--- Information shown ---

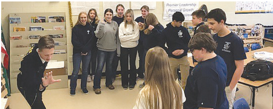
A state FFA officer visited our class talking about leadership and all the opportunities connected to the FFA

to live" is how hard cattle farmers are working to provide for families across the country. Earning to live is something I connect strongly to my SAE because raising beef cattle has taught me about hard work and it continues to teach me as I keep growing and learning by being involved in my SAE and agriculture community.
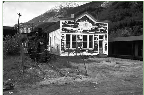
Klondike Gold Rush National Historical Park
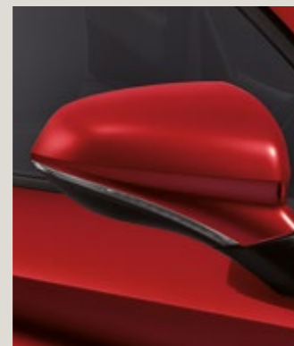
DESIRE RED 3 FR
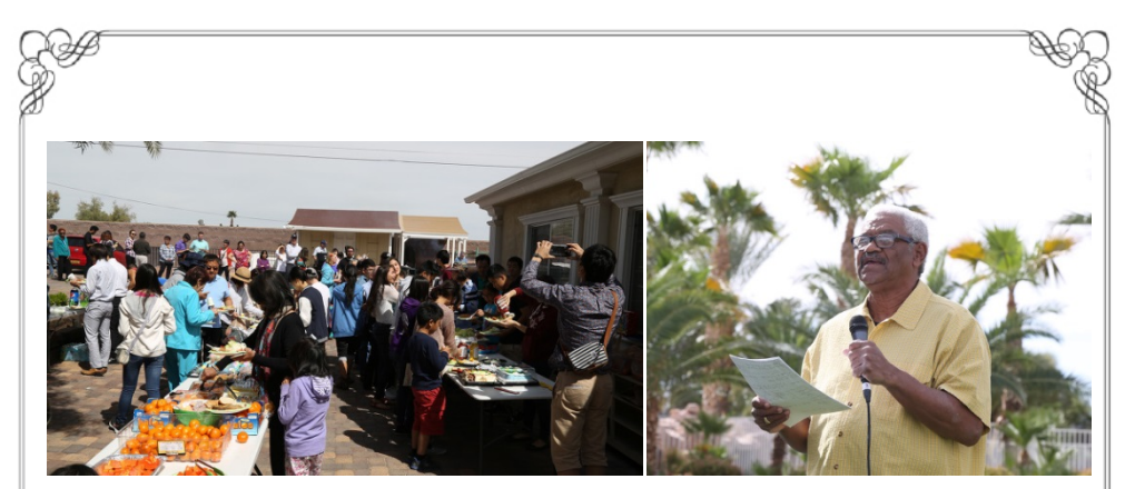
Easter Celebration on March 27

---

Exercise
Could you retype every line above exactly as it appears, skipping the pictures?

Reply
A state FFA officer visited our class talking about leadership and all the opportunities connected to the FFA

to live" is how hard cattle farmers are working to provide for families across the country. Earning to live is something I connect strongly to my SAE because raising beef cattle has taught me about hard work and it continues to teach me as I keep growing and learning by being involved in my SAE and agriculture community.
Klondike Gold Rush National Historical Park
DESIRE RED 3 FR
Easter Celebration on March 27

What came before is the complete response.